● TASK REQUIREMENTS: Both the line containing "メンズ・レディース兼用のスウ" and the line containing "Obijają się pomiędzy" belong to the span. Output exactly that span from the listing below, and nothing outside it.

● RECORDED DATA:
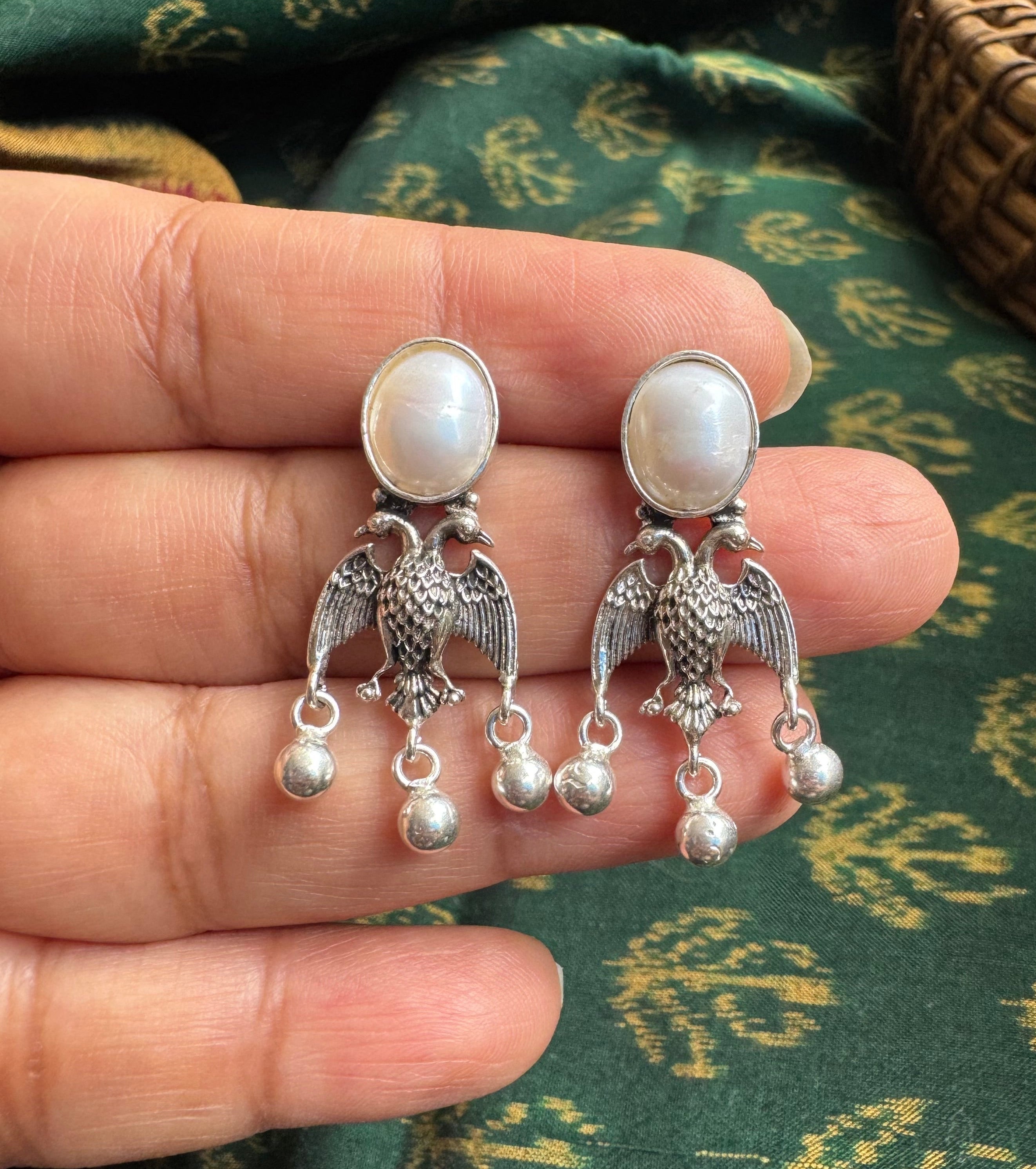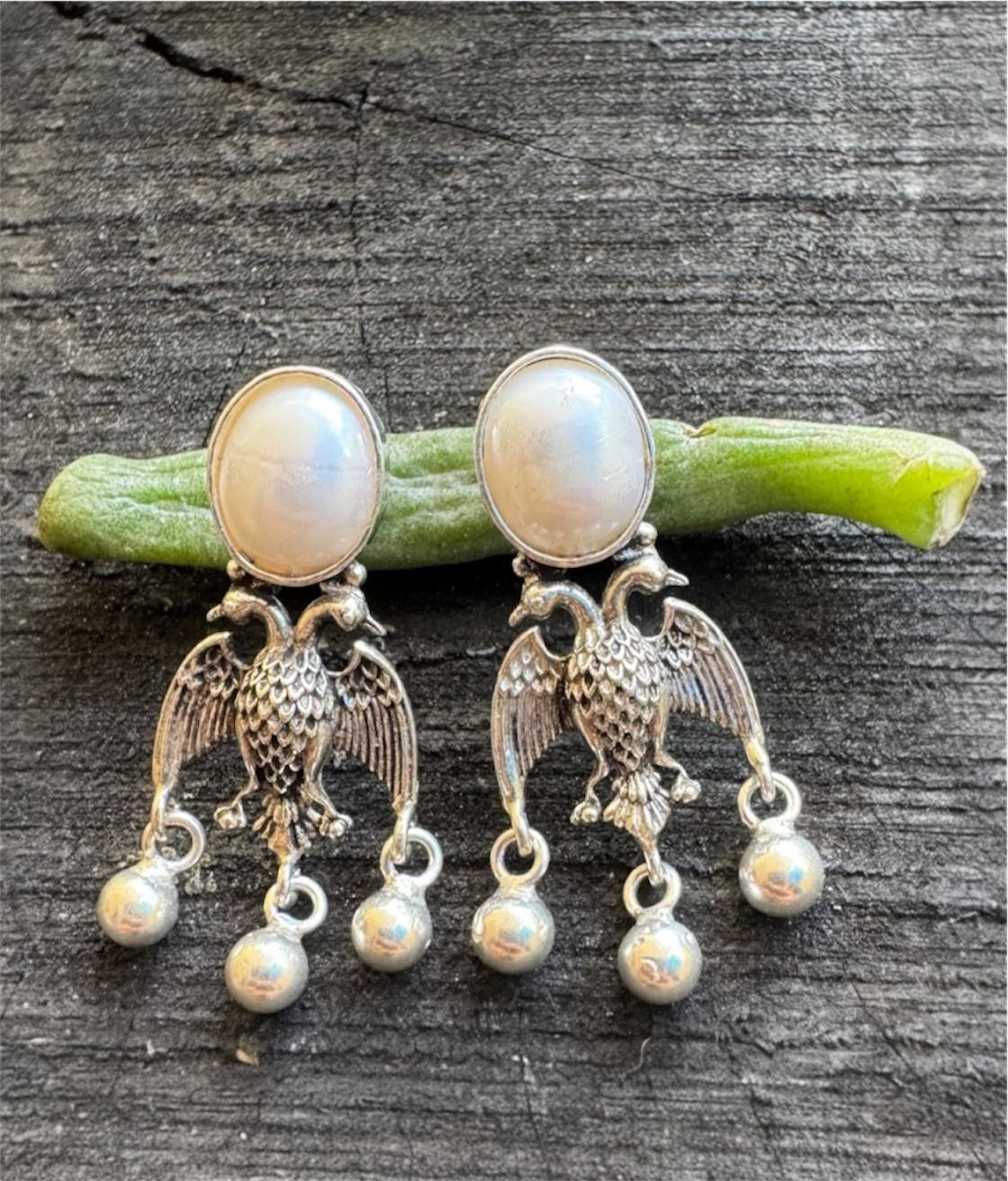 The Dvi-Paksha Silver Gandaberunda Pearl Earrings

...

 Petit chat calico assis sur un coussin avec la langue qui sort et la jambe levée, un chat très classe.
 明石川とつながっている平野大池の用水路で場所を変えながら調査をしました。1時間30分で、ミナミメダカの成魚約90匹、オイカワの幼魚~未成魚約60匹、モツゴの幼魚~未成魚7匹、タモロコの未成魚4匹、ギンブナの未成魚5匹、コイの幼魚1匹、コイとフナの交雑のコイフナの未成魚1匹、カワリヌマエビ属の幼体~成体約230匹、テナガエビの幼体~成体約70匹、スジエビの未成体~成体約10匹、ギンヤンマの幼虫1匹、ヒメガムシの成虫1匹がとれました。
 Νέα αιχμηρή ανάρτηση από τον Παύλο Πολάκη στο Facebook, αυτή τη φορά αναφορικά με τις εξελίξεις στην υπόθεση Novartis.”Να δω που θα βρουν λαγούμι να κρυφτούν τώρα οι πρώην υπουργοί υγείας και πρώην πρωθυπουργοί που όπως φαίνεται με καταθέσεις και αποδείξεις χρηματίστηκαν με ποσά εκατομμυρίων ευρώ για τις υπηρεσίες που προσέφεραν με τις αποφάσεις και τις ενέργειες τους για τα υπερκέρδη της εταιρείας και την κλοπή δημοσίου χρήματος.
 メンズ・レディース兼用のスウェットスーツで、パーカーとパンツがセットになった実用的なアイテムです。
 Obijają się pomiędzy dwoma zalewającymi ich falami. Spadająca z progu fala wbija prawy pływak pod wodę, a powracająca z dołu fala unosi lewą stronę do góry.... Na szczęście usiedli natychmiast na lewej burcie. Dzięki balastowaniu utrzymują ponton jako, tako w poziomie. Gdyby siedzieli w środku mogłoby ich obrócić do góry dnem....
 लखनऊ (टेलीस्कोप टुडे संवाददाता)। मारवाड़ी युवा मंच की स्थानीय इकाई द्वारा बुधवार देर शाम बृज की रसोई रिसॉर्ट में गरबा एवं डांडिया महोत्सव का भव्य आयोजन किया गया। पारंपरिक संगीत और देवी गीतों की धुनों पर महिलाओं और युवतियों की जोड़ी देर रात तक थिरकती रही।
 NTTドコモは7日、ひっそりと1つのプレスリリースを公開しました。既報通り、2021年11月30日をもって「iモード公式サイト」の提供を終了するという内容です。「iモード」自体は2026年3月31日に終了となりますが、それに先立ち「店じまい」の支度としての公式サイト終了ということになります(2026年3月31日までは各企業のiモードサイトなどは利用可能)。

● TASK RESULT:
 メンズ・レディース兼用のスウェットスーツで、パーカーとパンツがセットになった実用的なアイテムです。
 Obijają się pomiędzy dwoma zalewającymi ich falami. Spadająca z progu fala wbija prawy pływak pod wodę, a powracająca z dołu fala unosi lewą stronę do góry.... Na szczęście usiedli natychmiast na lewej burcie. Dzięki balastowaniu utrzymują ponton jako, tako w poziomie. Gdyby siedzieli w środku mogłoby ich obrócić do góry dnem....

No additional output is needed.